→ **Your objective**:
Each line from the one containing "Curated to help" through the last line of the data below should be printed exactly, please, with any pictures omitted.

═══ Excerpted data ═══

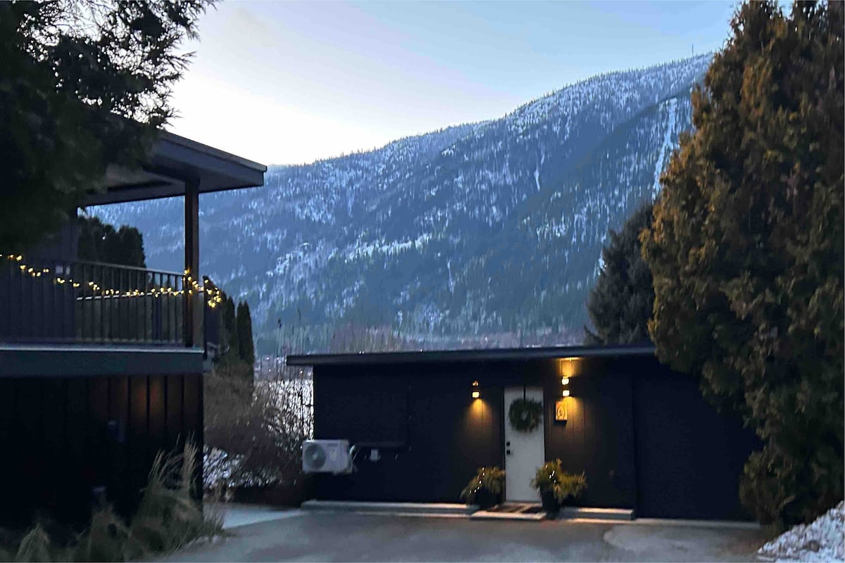 Our Grandpa Max built this eclectic space onto the back of his heritage home in the 1970s as an art studio and woodworking shop. Now we host travelers in this mid-century meets modern Scandi suite. The downtown core is only one block away but the studio is located on a quiet residential street backing on to green-space. Grocery store, coffee shops, restaurants, park with a lookout and the theatre are all within blocks. Perfect for couples, solo adventurers, business travellers and ski bums!
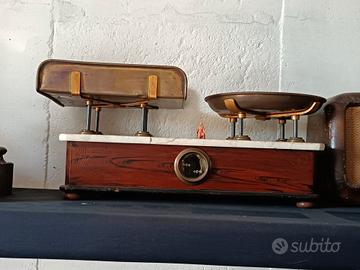 Bilancia d'epoca con timbri sui piatti e base di marmo. Funzionante. Ritiro Montespertoli.
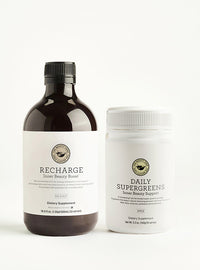 Curated to help realign the body, this bio-fermented duo works synergistically to support your natural cleansing processes, recharge your energy with activated vitamins B6 and B12, cultivate a calm complexion and nourish the gut.
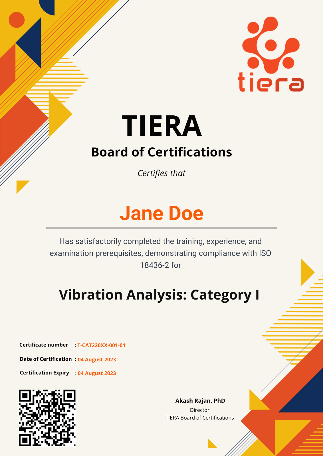 Meets ISO 18436-2 norms. Two hour exam with 75% cutoff. Verifiable Experience of Six months is mandatory for certification.
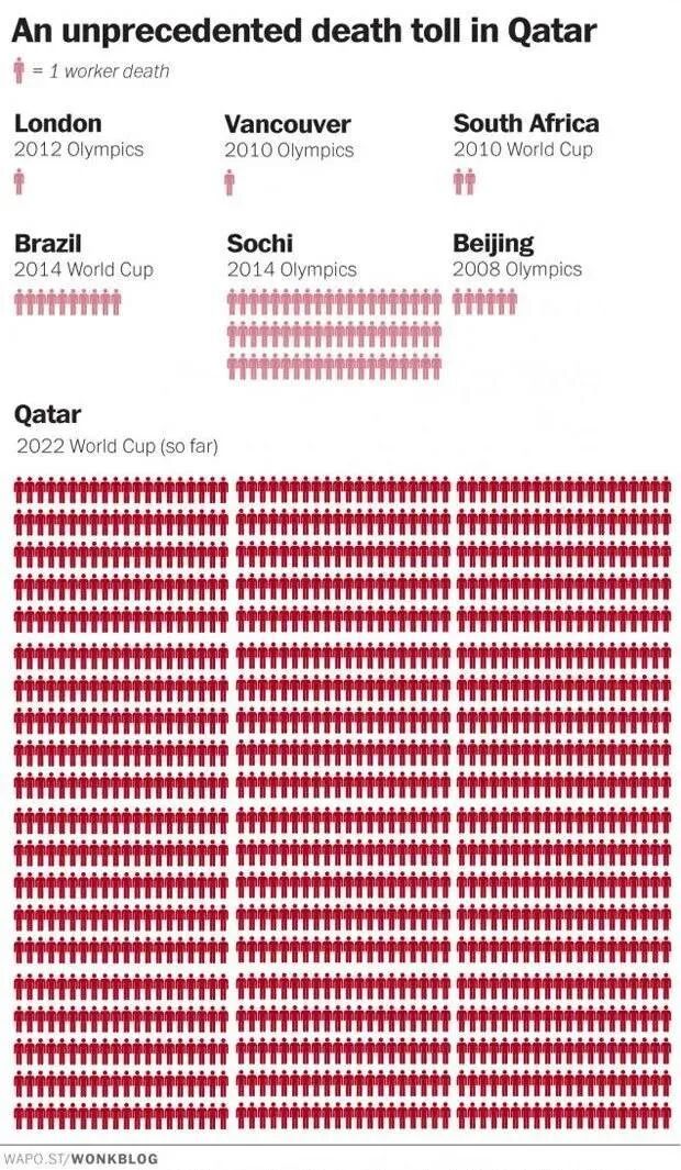 数字“8”,代表着此次世界杯将由8个比赛场地组成,同时也是无限符号“∞”上面还有西亚纹理特色的阿拉伯和亚洲文化的元素图案。吉祥物直接用卡塔尔的传统服饰“长袍”做了拟人化处理卡塔尔斥巨资打造豪华大熊猫馆,馆内功能齐全,有带空调的运动场、室内展厅和豪华单人房。在卡塔尔工作,没有雇主允许你是没法离境的,有护照也没用。司机(主要来自印度和非洲)收入500美元/月;建筑工人(主要来自尼泊尔)100-200美元/月;硕士底薪差不多4000多美元/月去之前以为是土豪国家,去了之后发现除了市中心,其他地方就是国内城乡结合部的感觉,不少地方还没有路,所以卡塔尔本地人都开越野车。《卫报》刊文:自开始体育馆建设到2021年初,造成了6500名外籍劳工死亡。

═══

→ **Written response**:
 Curated to help realign the body, this bio-fermented duo works synergistically to support your natural cleansing processes, recharge your energy with activated vitamins B6 and B12, cultivate a calm complexion and nourish the gut.
 Meets ISO 18436-2 norms. Two hour exam with 75% cutoff. Verifiable Experience of Six months is mandatory for certification.
 数字“8”,代表着此次世界杯将由8个比赛场地组成,同时也是无限符号“∞”上面还有西亚纹理特色的阿拉伯和亚洲文化的元素图案。吉祥物直接用卡塔尔的传统服饰“长袍”做了拟人化处理卡塔尔斥巨资打造豪华大熊猫馆,馆内功能齐全,有带空调的运动场、室内展厅和豪华单人房。在卡塔尔工作,没有雇主允许你是没法离境的,有护照也没用。司机(主要来自印度和非洲)收入500美元/月;建筑工人(主要来自尼泊尔)100-200美元/月;硕士底薪差不多4000多美元/月去之前以为是土豪国家,去了之后发现除了市中心,其他地方就是国内城乡结合部的感觉,不少地方还没有路,所以卡塔尔本地人都开越野车。《卫报》刊文:自开始体育馆建设到2021年初,造成了6500名外籍劳工死亡。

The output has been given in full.